> EXERCISE DATA:

--- START ---

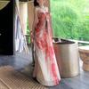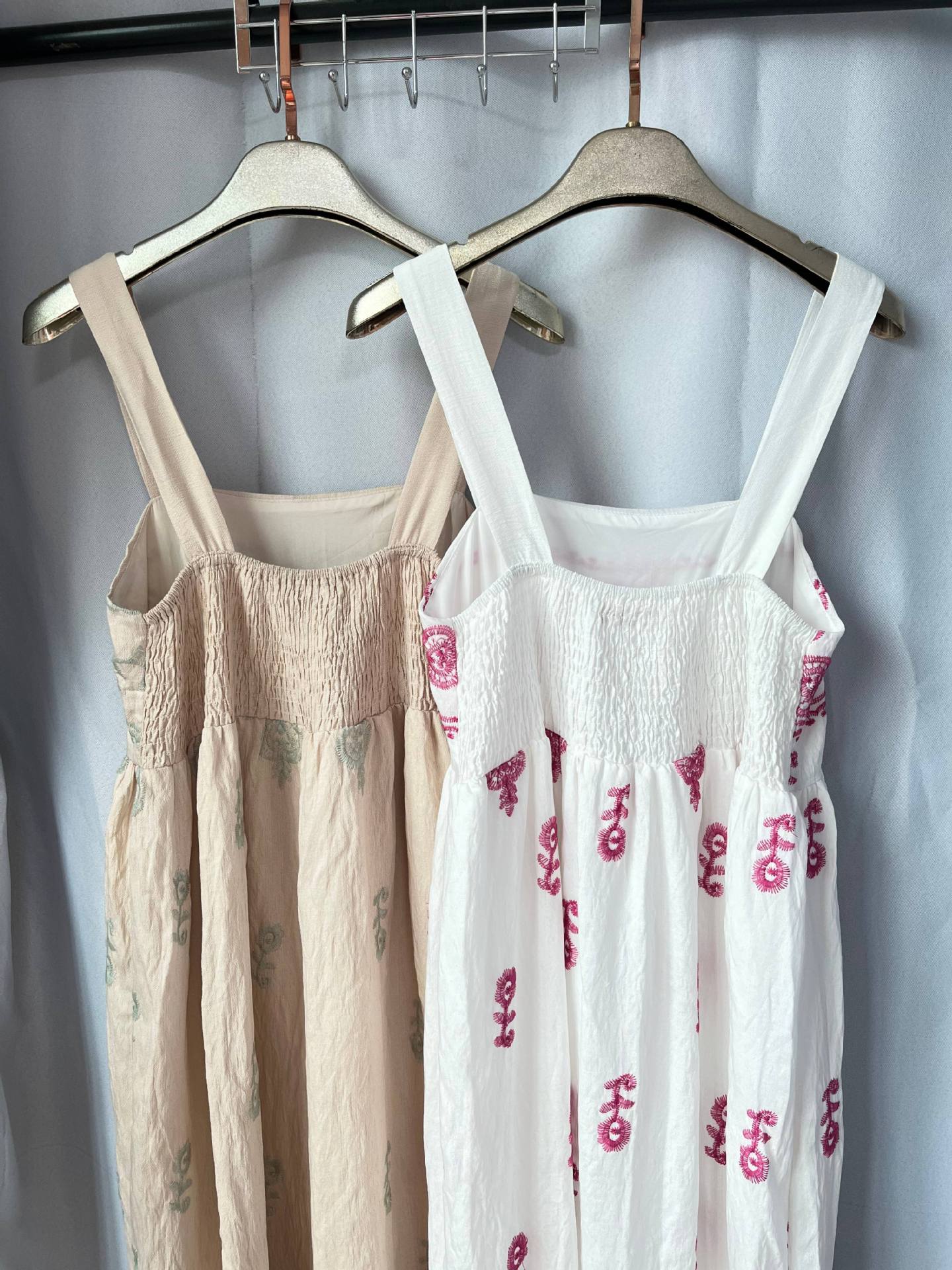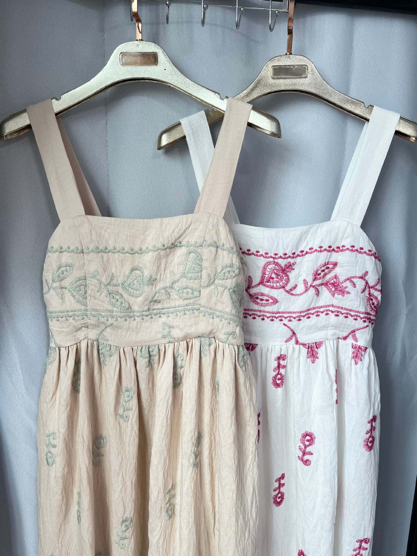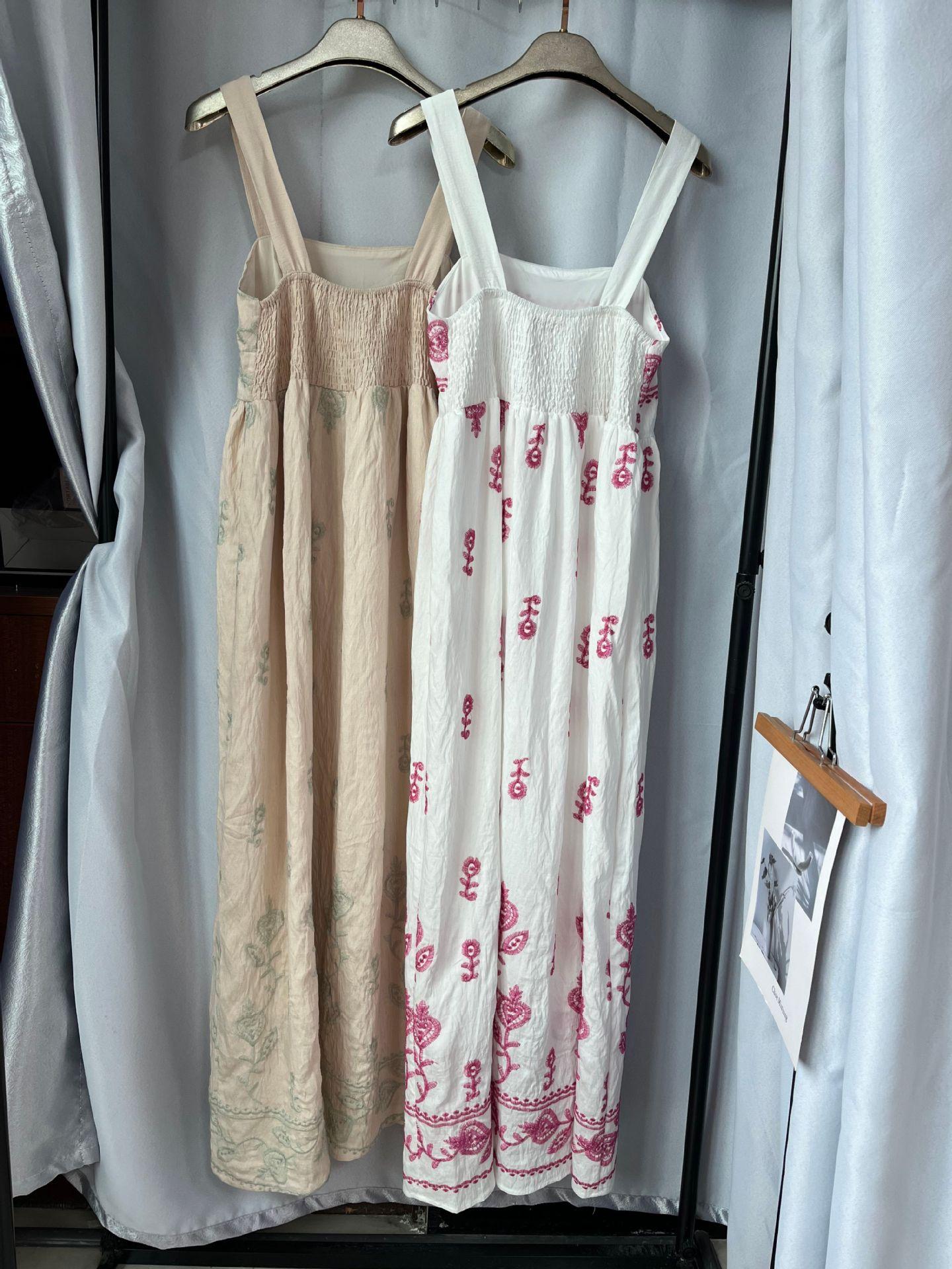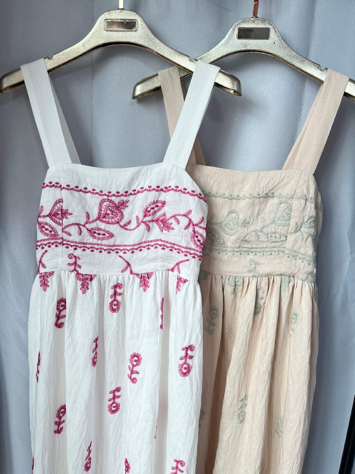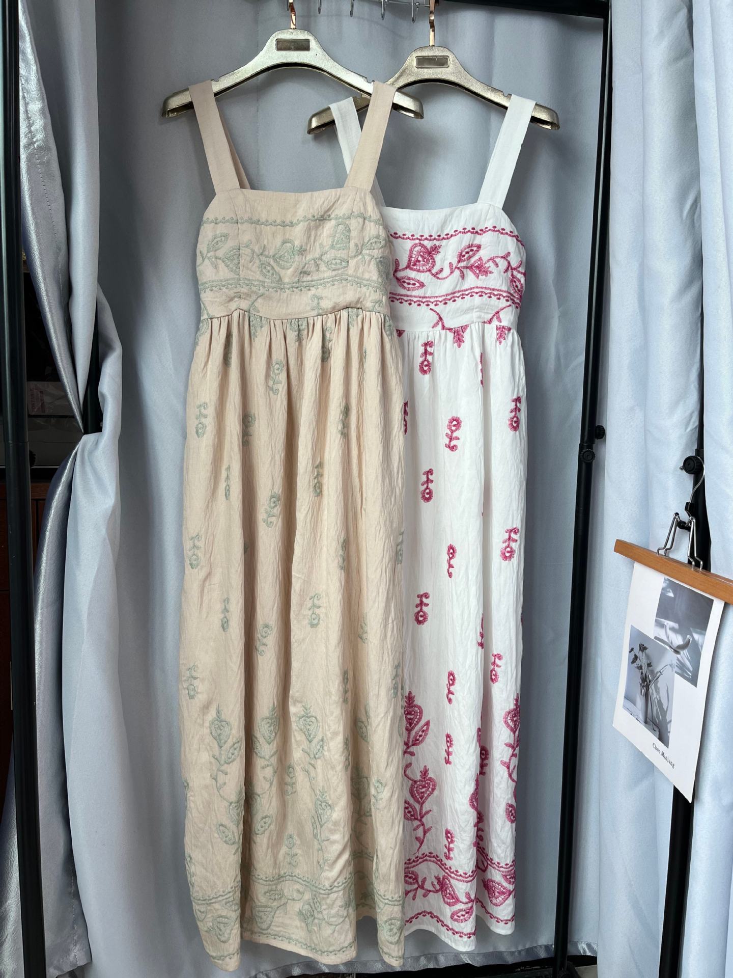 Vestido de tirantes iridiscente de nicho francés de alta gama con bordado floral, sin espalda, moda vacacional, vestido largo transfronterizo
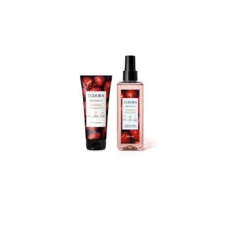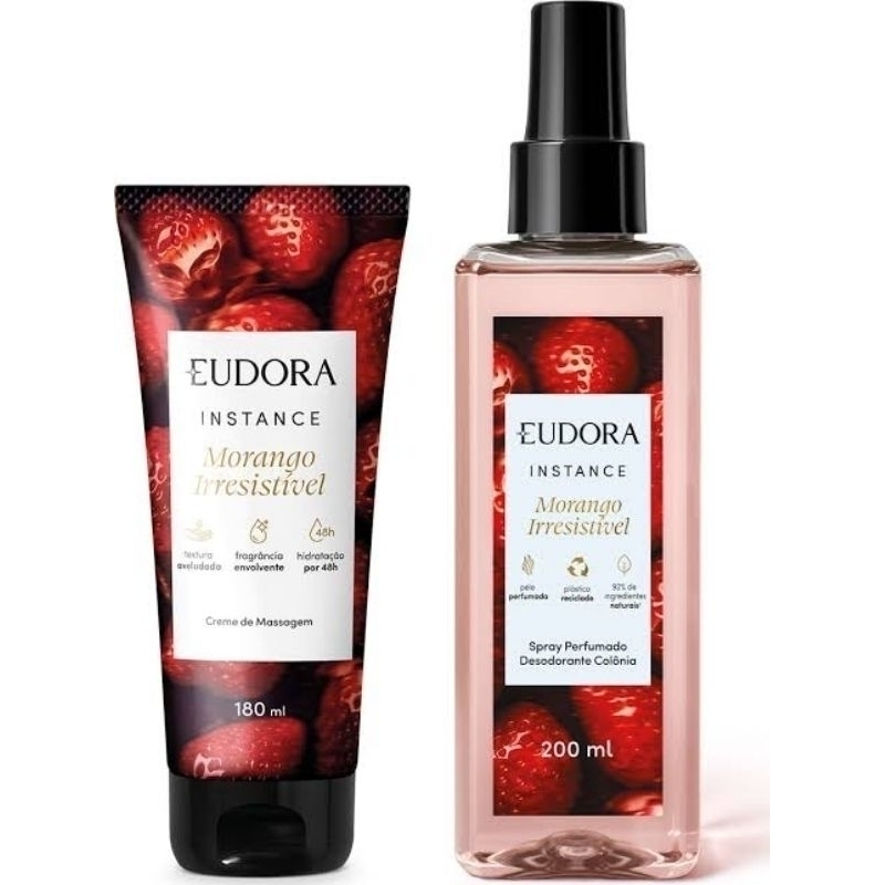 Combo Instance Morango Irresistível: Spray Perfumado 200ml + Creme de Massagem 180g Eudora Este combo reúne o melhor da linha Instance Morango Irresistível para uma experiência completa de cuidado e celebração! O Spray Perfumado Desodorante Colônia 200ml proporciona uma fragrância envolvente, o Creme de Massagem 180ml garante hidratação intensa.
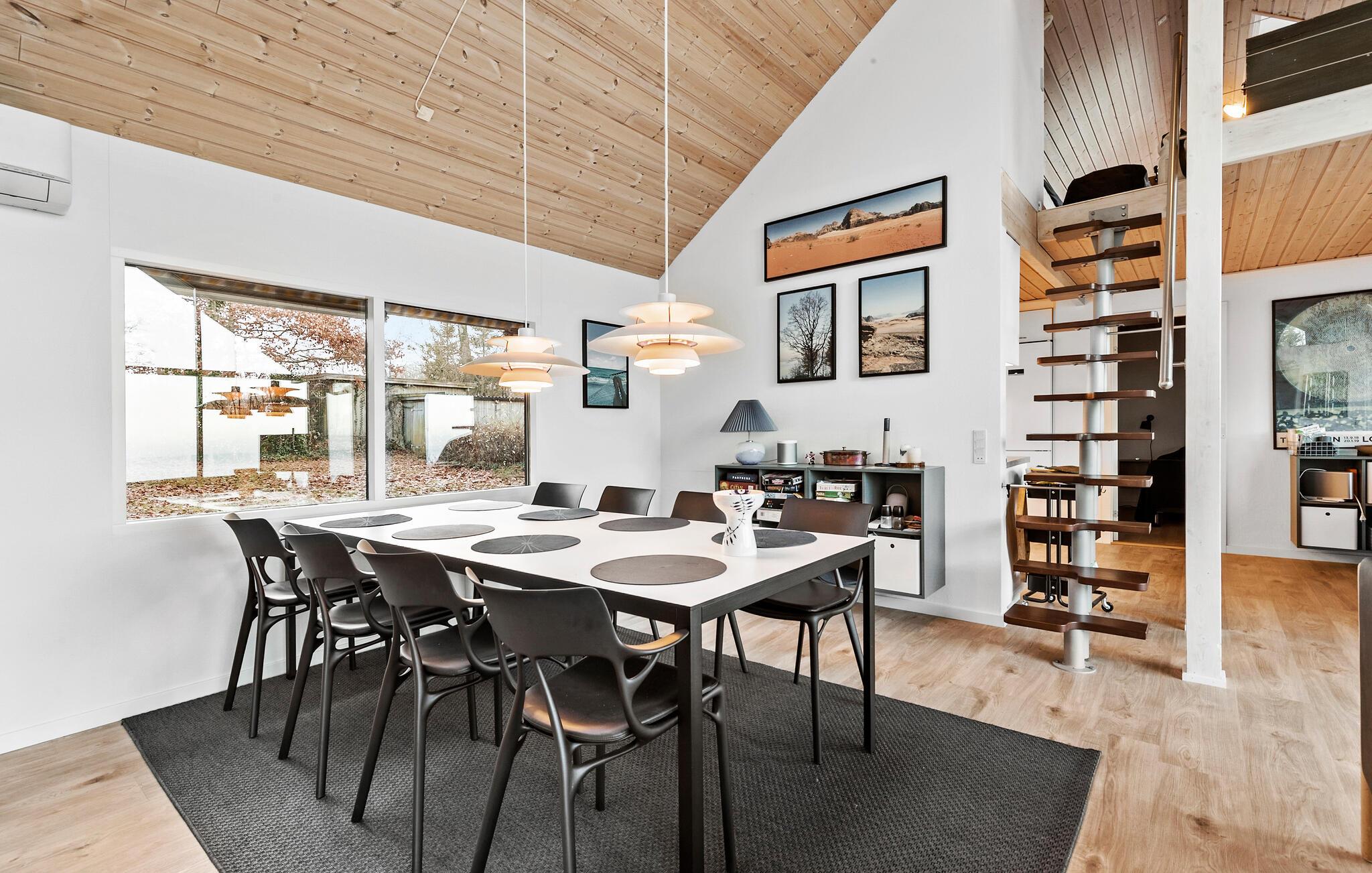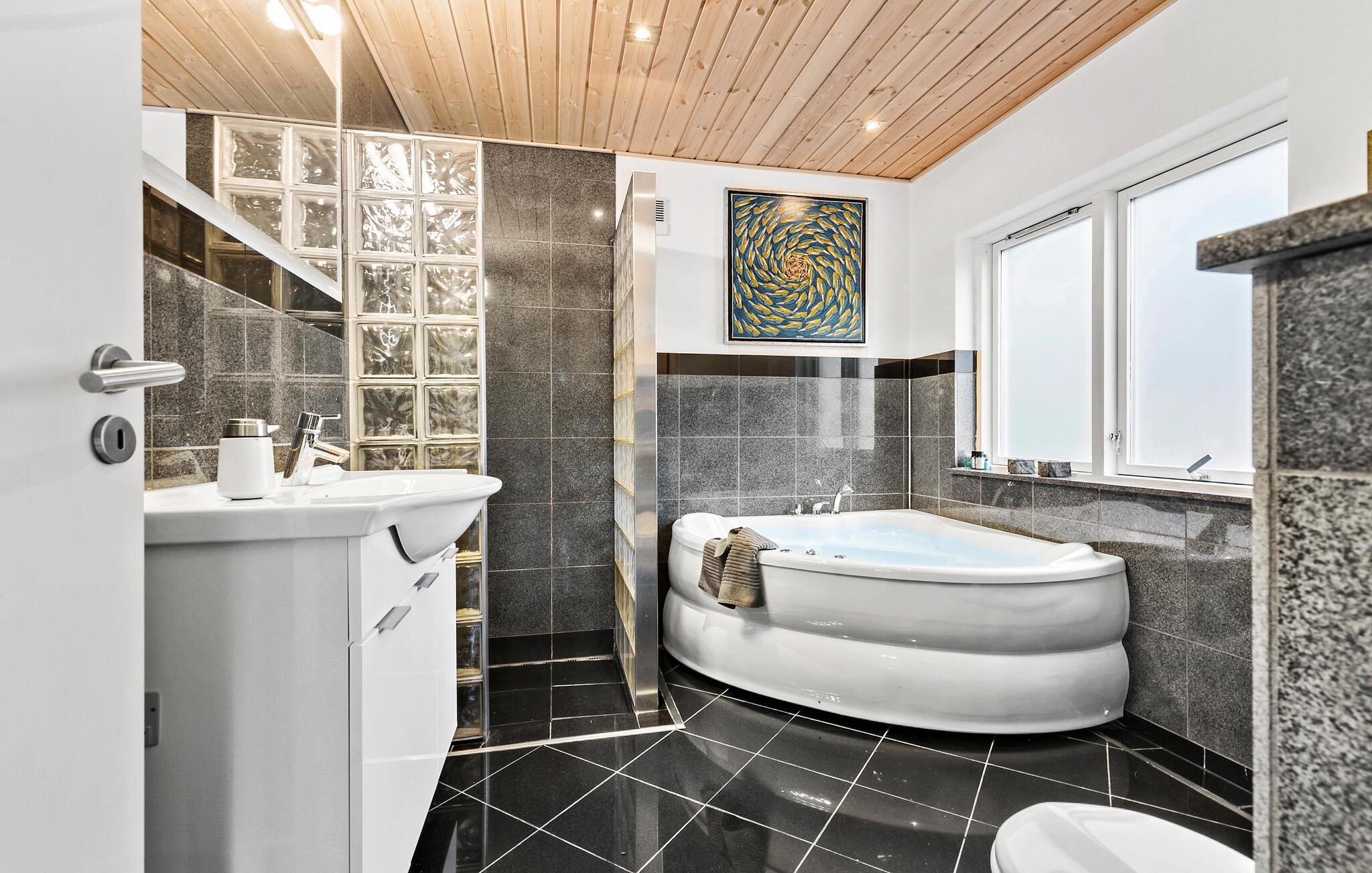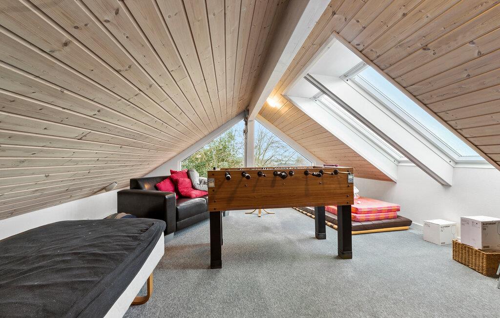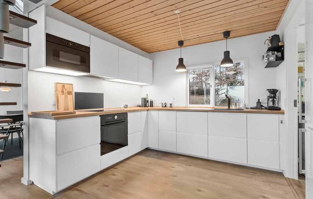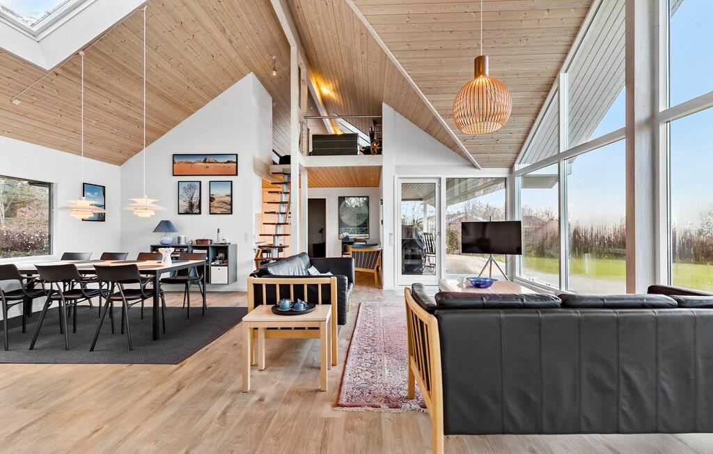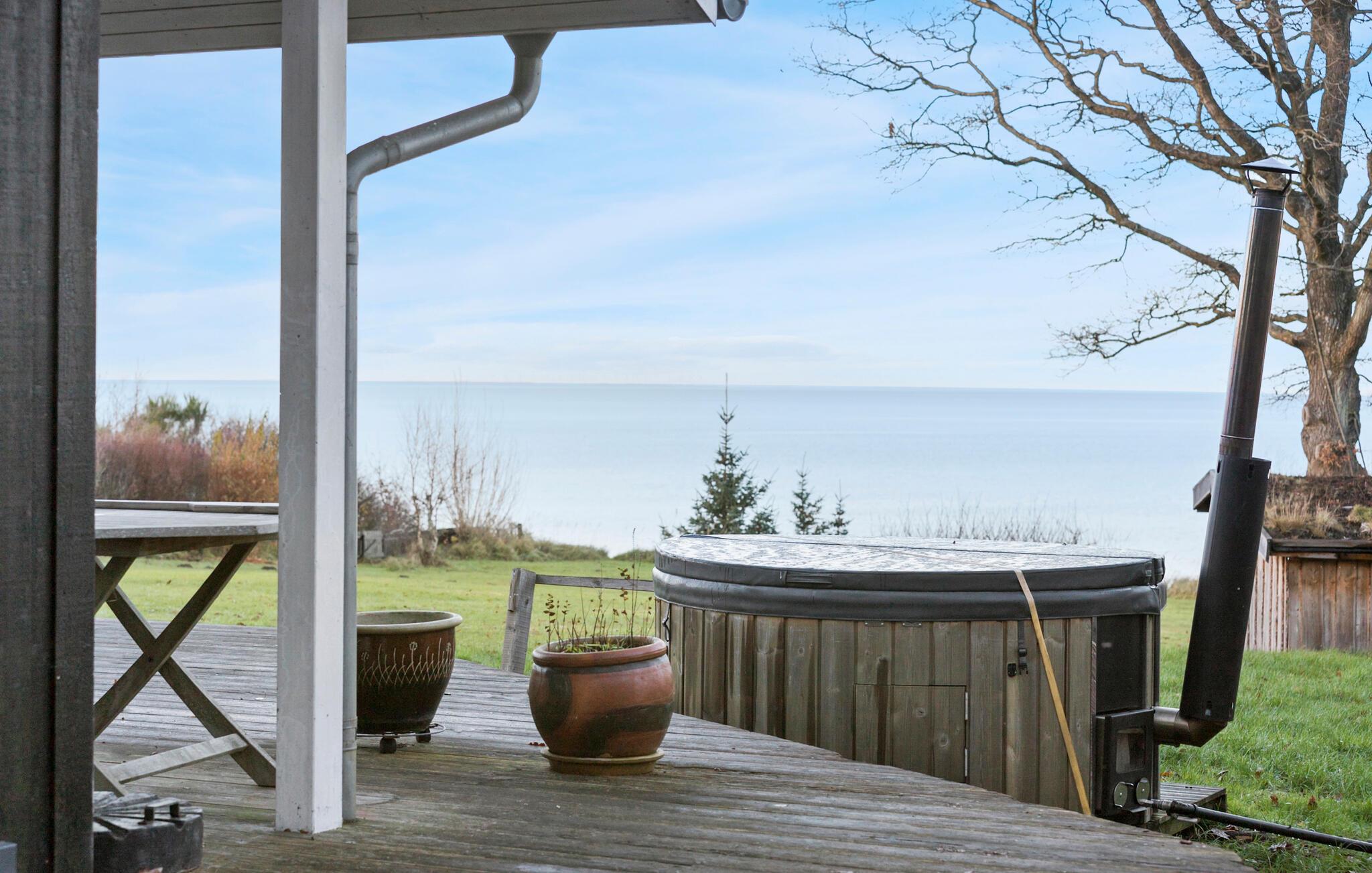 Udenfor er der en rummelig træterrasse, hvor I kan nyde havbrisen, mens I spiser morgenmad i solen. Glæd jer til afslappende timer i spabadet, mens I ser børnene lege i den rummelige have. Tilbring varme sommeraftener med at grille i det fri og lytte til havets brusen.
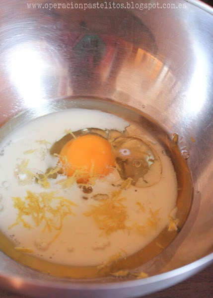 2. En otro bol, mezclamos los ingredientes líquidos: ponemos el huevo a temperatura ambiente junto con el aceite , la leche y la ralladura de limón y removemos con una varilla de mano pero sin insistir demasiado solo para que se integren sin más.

--- END ---

> WHAT TO WORK ON:
From the line containing "Udenfor er der" through the final line of the listing, copy every line exactly and nothing else. Skip the pictures.

> EXERCISE RESULT:
 Udenfor er der en rummelig træterrasse, hvor I kan nyde havbrisen, mens I spiser morgenmad i solen. Glæd jer til afslappende timer i spabadet, mens I ser børnene lege i den rummelige have. Tilbring varme sommeraftener med at grille i det fri og lytte til havets brusen.
 2. En otro bol, mezclamos los ingredientes líquidos: ponemos el huevo a temperatura ambiente junto con el aceite , la leche y la ralladura de limón y removemos con una varilla de mano pero sin insistir demasiado solo para que se integren sin más.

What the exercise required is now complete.